File management
Introduction
File management is a complex challenge for any media asset management system. In censhare, the rough concept of data storage is, that metadata and physical files are split up: all metadata of assets are stored in the Core Database, physical documents (like all the layout, image, and text documents) are stored in classical filesystems. While it would be technically possible to store the files in the database, there are numerous reasons not to do so. The main reason for censhare to keep documents in classical filesystems is the need to distribute the storage locations to multiple sites and to provide means of emergency file access in case of database failure.
In the following, we describe the building blocks that constitute file management in censhare, as well as the history of their development. This helps you to comprehend the design decisions made by censhare. Note that users never get in touch with file management details at all, as all file manipulation is takes place on lower levels of the system architecture. The sole access to files from the user perspective is by their asset placeholders in the client applications.
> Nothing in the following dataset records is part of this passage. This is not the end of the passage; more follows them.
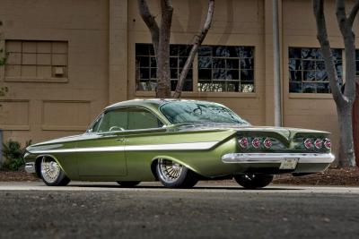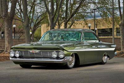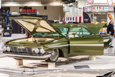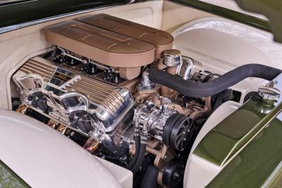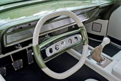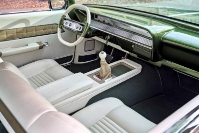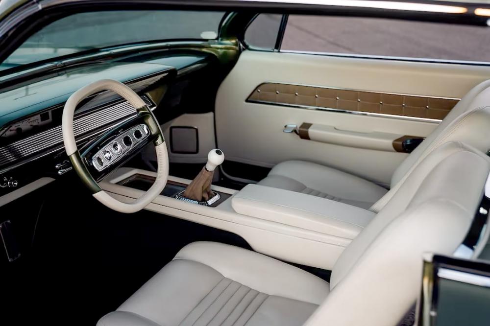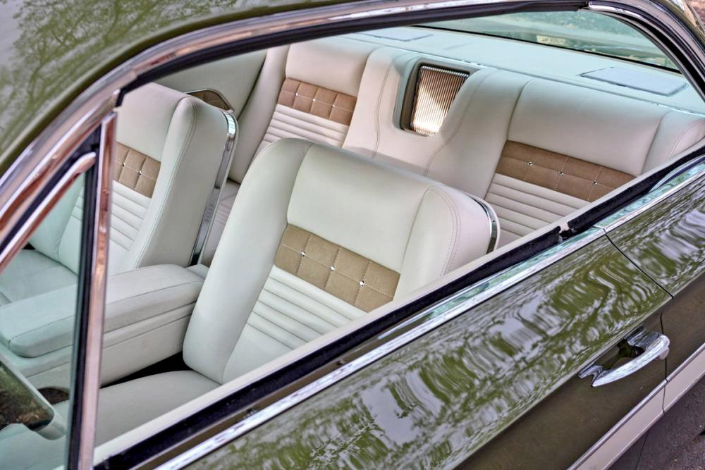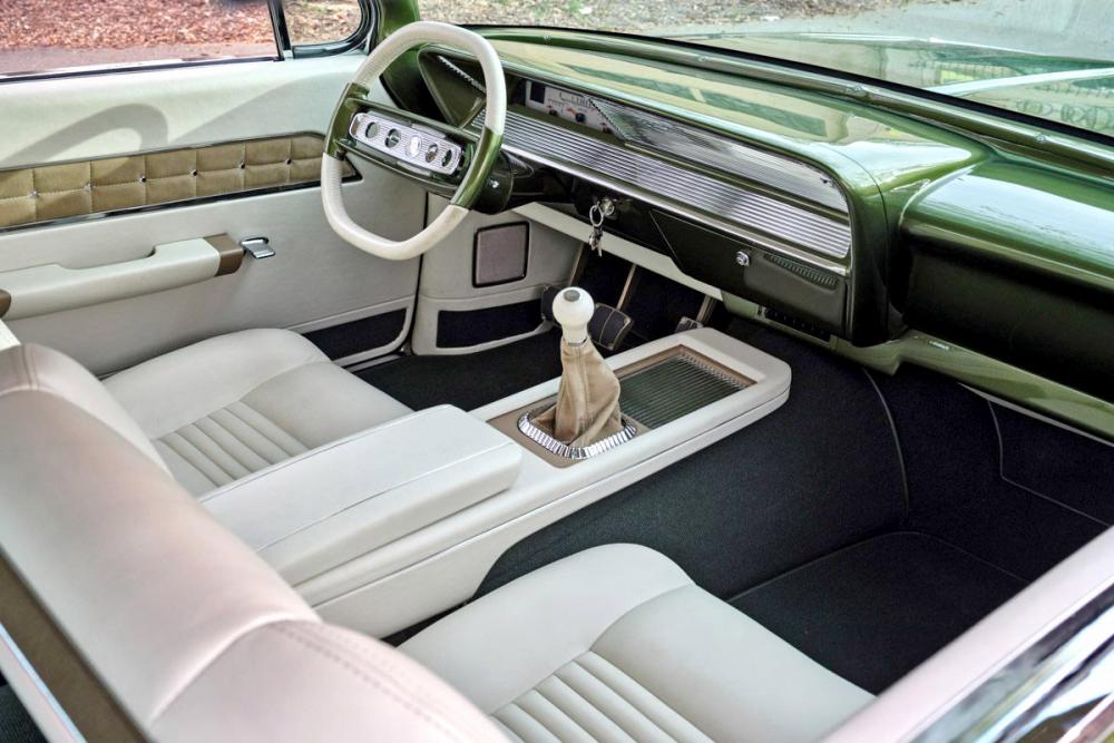 This interior theme honors the Impala heritage while giving it a custom twist. Tracy Weaver and his team at Recovery Room Interiors stitched off-white leather over custom seats and side panels in a clean ’60s style, complete with tan suede inserts and Impala-style trim buttons. There’s plenty of one-off custom-machined trim by Atomic Machine and Fiber Forged augmenting the upholstery work, including a custom aluminum bezel for the Dakota Digital instruments. The Recovery Room team upholstered the trunk to match, and even incorporated hidden compartments for a cigar humidor and martini shaker. Finishing touches inside include pedals and a shifter from Clayton Machine, and a custom-machined steering wheel atop the Flaming River tilt column.
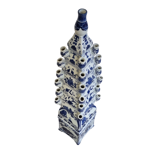 Delftsblauwe Piramide Vaas voor tulpen - 116cm hoog
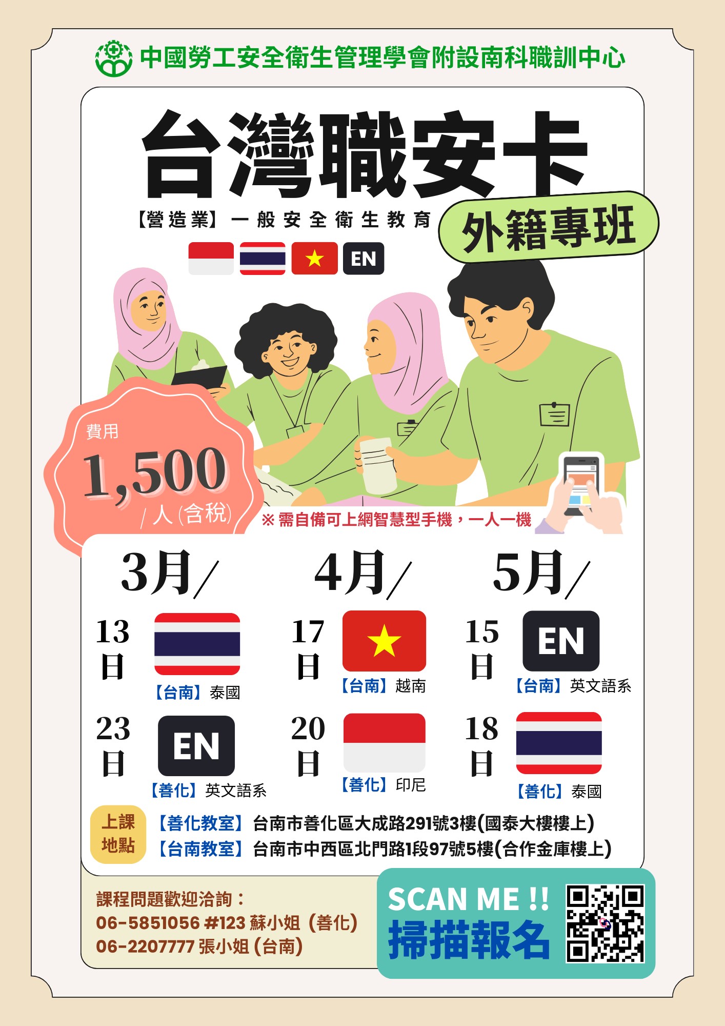 【外籍專班】台灣職安卡-善化教室/台南教室【初訓6小時 / 營造業】115年3月~5月開課日期&線上報名 ***點我查看***
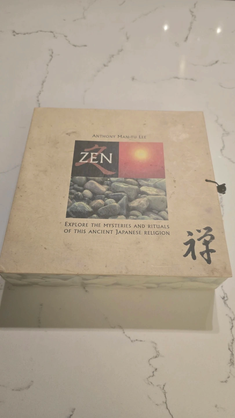 Explore the mysteries and rituals of Zen Buddhism with this gift-kit. It includes a book by Anthony Man-Tu Lee, smooth meditation stones, incense, a small mirror, and tea light candles for a peaceful atmosphere. This set's perfect for anyone looking to deepen their understanding of Zen.
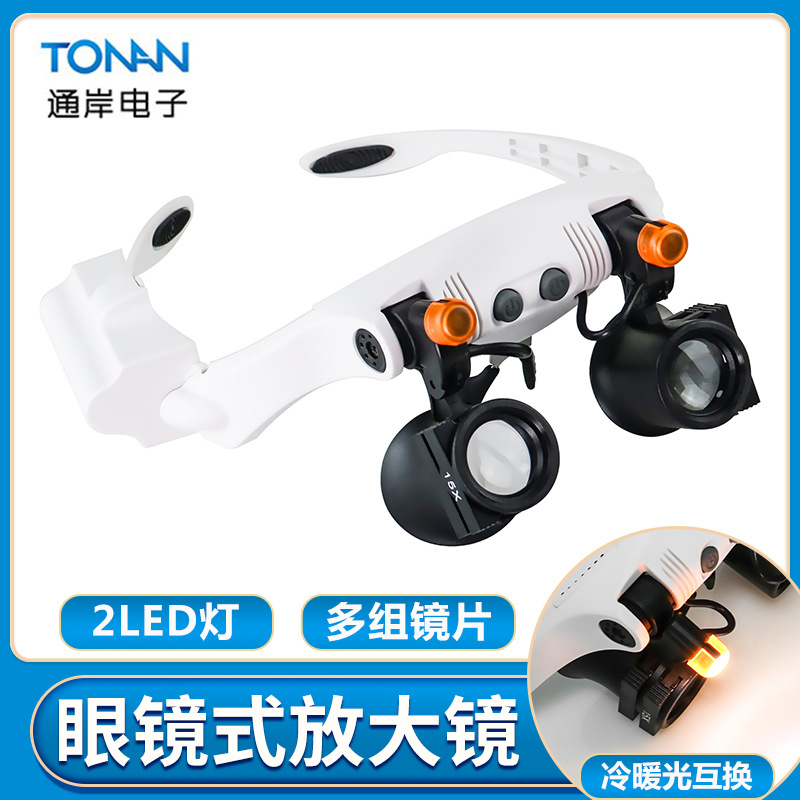 メガネ式ルーペ交換冷暖光帯2つのledランプ電子修理高倍ヘッド式ルーペ卸売り
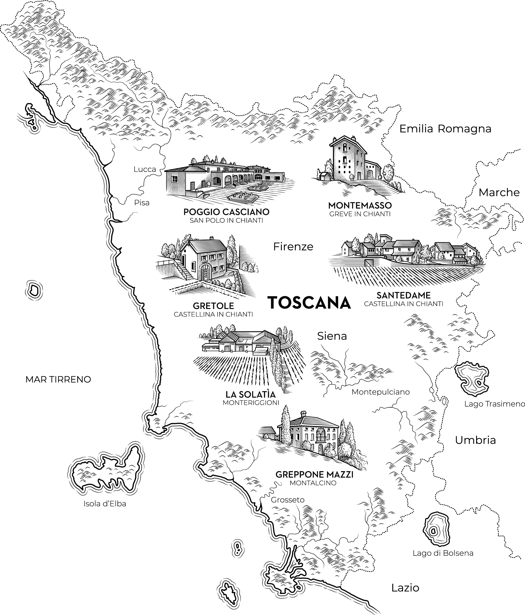 Magia w samym sercu Castellina in Chianti. Na obszarze 238 hektarów, z czego 110 to winnice, winorośle rosną na wysokości 230-290 metrów nad poziomem morza, na skalistej, kamienistej glebie idealnej dla winogron Sangiovese. Ta urokliwa posiadłość obejmuje uroczą kamienną willę oraz arcydzieło Riserva Ducale Oro Chianti Classico Gran Selezione. „Gretole” oddaje hołd kruchym skałom galestro, sekretowi Matki Natury, który zapewnia niezrównany smak win.

To understand the basics of censhare file management, one has to be aware, that assets can, but do not have to be linked to a physical document. A calendar asset, for example, consists only of metadata in the database and has no file associated with it. An image asset usually represents a file - the image document. For those assets that represent a file, there is exactly one Master File. This is the one that will be accessed when the asset is opened. The censhare system automatically produces additional variations of the Master File that serve certain tasks, for example, previews and thumbnails, PDF, XML-extracts, and the like, and all these files are associated with the same asset, although they become not obviously visible to users. In censhare terminology, all files associated with one asset are called Storage Items. Each Storage Item has its own location in the filesystem and contains a key that describes its purposes. The main file - the one that users are aware of, for example, has the key "master", the preview image file the key "preview" and so on. A common misconception for beginning censhare users is the belief, that each of the Storage Items is represented by an asset and that non-master Storage Items are children assets of the "master asset". That is not the case. There is only one asset representing a Master File. All the additional helper files that are automatically generated from the Master File belong to the metadata of this very same asset. This means that one censhare asset actually maintains a number of files and this number can grow very large, considering that preview and thumbnail storage items are produced per page and all Storage Items are subject to versioning. A multi-page layout asset can easily produce hundreds or thousands of Storage Items, although users are only aware of the one layout document that constitutes the master file of the current version. It is for this reason, that censhare decided to use consecutive numbers for naming files in the filesystem instead of descriptive filenames derived from the asset names.
Storage location
So, where do files actually go? censhare allows to define at least one, or any other number of physical locations to store files. Any filesystem that can be accessed over the network by the Application Server(s) might be used for the censhare repository. Providing the physical file systems and making them available to the censhare Application Server(s) is up to the customer and considered a technical installation topic. censhare supports numerous standard file system protocols, like Samba, NFS, AFP, Helios Ethershare, and others. Once available, logical file systems are set up in the censhare administration, where each logical file system represents one volume in one of the physical file systems. The logical file system description contains the path to the volume, a name, the purpose of the file system, and a domain node association. The domain node association is responsible for the distribution of files: when a file is stored, censhare looks up the nodes in the two domain trees of the corresponding asset. If there is no file system associated with that node, the system follows the domain path up to the first node that has a file system associated with it and stores the master file there. All other storage items of the same asset go into the same location as the master file. The actual file names and locations (which are numbers as described before) are stored in the metadata of the asset. This information is split into a reference to the logical censhare file system and the relative path inside the file system. This ensures to easily migrate physical file systems if required.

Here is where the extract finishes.